Tutorial
We’ll show here how to explain molecular property prediction tasks without access to the gradients or any properties of a molecule. To set-up this activity, we need a black box model. We’ll use something simple here – the model is classifier that says if a molecule has an alcohol (1) or not (0). Let’s implement this model first
from rdkit import Chem
from rdkit.Chem.Draw import IPythonConsole
# set-up rdkit drawing preferences
IPythonConsole.ipython_useSVG = True
IPythonConsole.drawOptions.drawMolsSameScale = False
def model(smiles):
mol = Chem.MolFromSmiles(smiles)
match = mol.GetSubstructMatches(Chem.MolFromSmarts("[O;!H0]"))
return 1 if match else 0
Let’s now try it out on some molecules
smi = "CCCCCCO"
print("f(s)", model(smi))
Chem.MolFromSmiles(smi)
f(s) 1
smi = "OCCCCCCO"
print("f(s)", model(smi))
Chem.MolFromSmiles(smi)
f(s) 1
smi = "c1ccccc1"
print("f(s)", model(smi))
Chem.MolFromSmiles(smi)
f(s) 0
Counterfacutal explanations
Let’s now explain the model - pretending we don’t know how it works - using counterfactuals
import exmol
instance = "CCCCCCO"
space = exmol.sample_space(instance, model, batched=False)
cfs = exmol.cf_explain(space, 1)
exmol.plot_cf(cfs)

We can see that removing the alcohol is the smallest change to affect the prediction of this molecule. Let’s see the space and look at where these counterfactuals are.
exmol.plot_space(space, cfs)

Explain using substructures
Now we’ll try to explain our model using substructures.
exmol.lime_explain(space)
exmol.plot_descriptors(space)
SMARTS annotations for MACCS descriptors were created using SMARTSviewer (smartsview.zbh.uni-hamburg.de, Copyright: ZBH, Center for Bioinformatics Hamburg) developed by K. Schomburg et. al. (J. Chem. Inf. Model. 2010, 50, 9, 1529–1535)

This seems like a pretty clear explanation. Let’s take a look at using substructures that are present in the molecule
import skunk
exmol.lime_explain(space, descriptor_type="ECFP")

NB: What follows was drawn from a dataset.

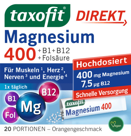 Гранулы Taxofit Магний 400 содержат витамин B12. Магний способствует поддержанию нормальной мышечной деятельности. Этот продукт веганский. 20 пакетиков по 2,0 г каждый. Гранулы Taxofit Magnesium 400 являются веганскими.

svg = exmol.plot_descriptors(space, return_svg=True)
skunk.display(svg)
svg = exmol.plot_utils.similarity_map_using_tstats(space[0], return_svg=True)
skunk.display(svg)
We can see that most of the model is explained from the presence of the alcohol group - as expected.
Text
We can prepare a natural language summary of these results using exmol
:
exmol.lime_explain(space, descriptor_type="ECFP")

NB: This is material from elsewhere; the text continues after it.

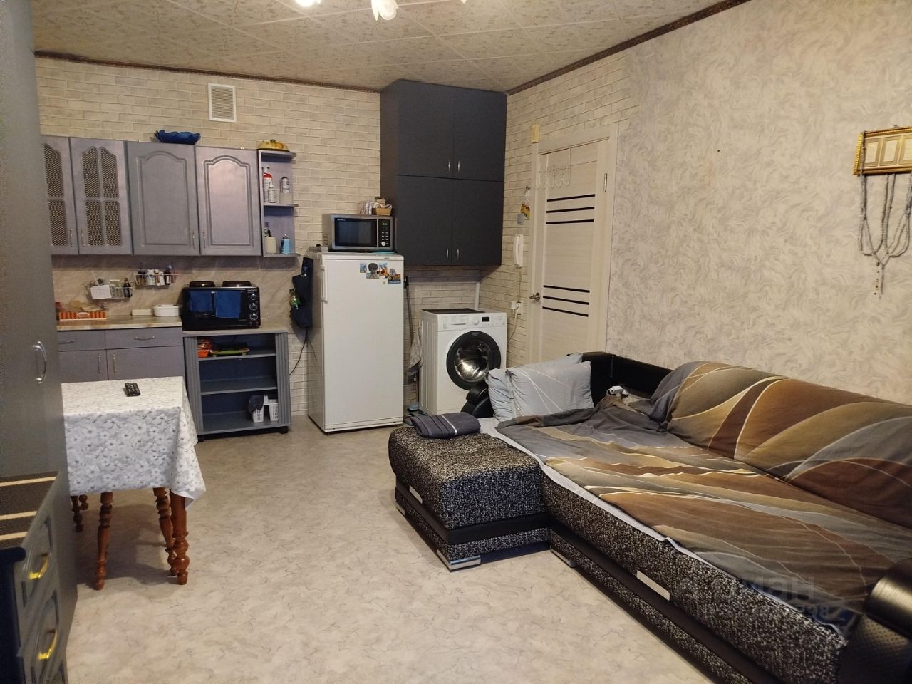 в туалете имеется водонагреватель, в комнате, кондиционер, стиральная машинка, холодильник, духовая печь, плитка, микроволновка, телевизор, пылесос, угловой диван шкафы столы, стулья, кухня.

e = exmol.text_explain(space)
for ei in e:
print(ei[0], end="")
Is there primary alcohol? Yes and this is positively correlated with property. This is very important for the property
To prepare the natural language summary, we need to convert to a prompt that a model like GPT-3 can parse. Insert the output below into a language model to get a summary.

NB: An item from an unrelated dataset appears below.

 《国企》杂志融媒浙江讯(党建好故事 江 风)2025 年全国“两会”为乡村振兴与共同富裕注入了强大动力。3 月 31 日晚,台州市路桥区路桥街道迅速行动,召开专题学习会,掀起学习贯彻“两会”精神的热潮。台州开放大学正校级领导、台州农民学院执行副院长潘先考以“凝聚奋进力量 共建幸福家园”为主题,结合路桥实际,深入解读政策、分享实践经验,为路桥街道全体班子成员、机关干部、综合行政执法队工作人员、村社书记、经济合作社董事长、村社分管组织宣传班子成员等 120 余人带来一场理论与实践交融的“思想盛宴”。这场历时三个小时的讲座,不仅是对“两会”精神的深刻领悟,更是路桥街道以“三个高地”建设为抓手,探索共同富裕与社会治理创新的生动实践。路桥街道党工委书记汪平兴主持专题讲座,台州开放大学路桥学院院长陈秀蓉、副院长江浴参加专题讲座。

Or you can pass it directly, by installing the langchain
package and setting-up an openai key
print(exmol.text_explain_generate(e, property_name="active"))
The presence of a primary alcohol group in the molecule is crucial for its "active" property. This functional group is positively correlated with the activity, suggesting that it plays a significant role in the molecule's interaction with its target. The hydroxyl group in the primary alcohol can participate in hydrogen bonding, enhancing the molecule's solubility and facilitating its interaction with biological systems. If the primary alcohol were absent, the molecule might exhibit reduced solubility and diminished ability to form hydrogen bonds, negatively impacting its active property. Thus, the primary alcohol is a key structural feature that significantly contributes to the molecule's activity.